Information contained in RepoDB [25] was exploited to obtain a list of new repurposed drugs for breast cancer. RepoDB includes a gold standard set of drug repositioning which failed or succeeded. The RepoDB dataset contains 6677 approved, 2754 terminated, 483 suspended, and 648 withdrawn drug-disease interactions. Withdrawn and suspended drug-disease associations have an annotation phase between phase 0 and phase 3. Therefore, these two types of drug-disease pairs have more potential to suggest a valid new drug repositioning rather than a random pair. Considering this fact, we trained the five classifiers using the approved and terminated data. Figure 5 shows the training performance of the classifiers.
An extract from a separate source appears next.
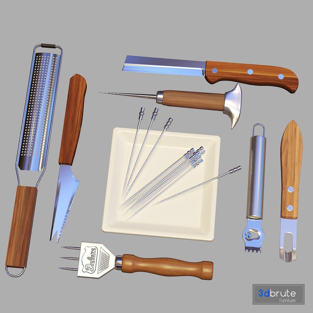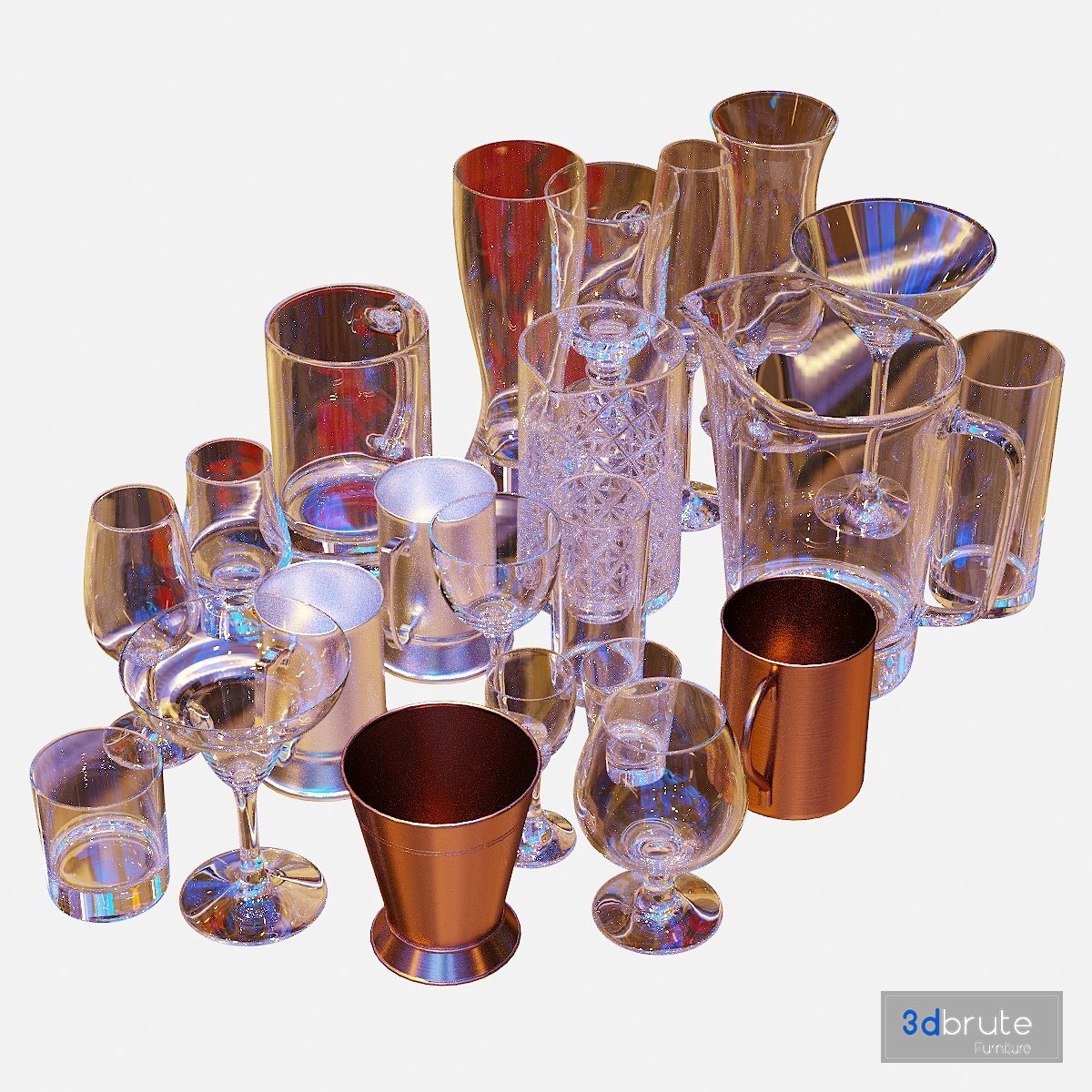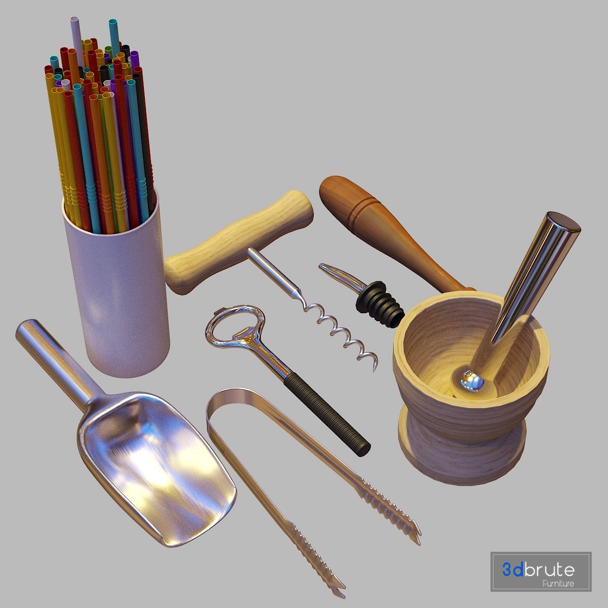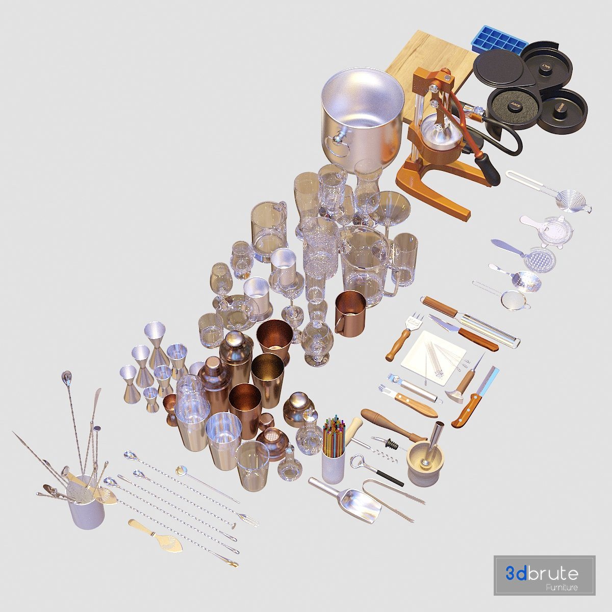 Bartender Tools Set includes 70 objects what can be used in scenes with following subjects: bar, pub, party, club, kitchen, interior design, ...

Then, the best performing classifier, according to the approved and terminated data, was used to predict new drugs for breast cancer. The most sensitive classifier, random forest (it detected 2283 true drug-disease interactions out of 2292), was used to do this end.

Fig. 5
figure 5

Performance of different classifiers in a tenfold cross-validation procedure in repODB dataset. Classifiers include support vector machine (SVM), decision tree (DT), linear regression (LR), naïve Bayes (NB) and random forest (RF)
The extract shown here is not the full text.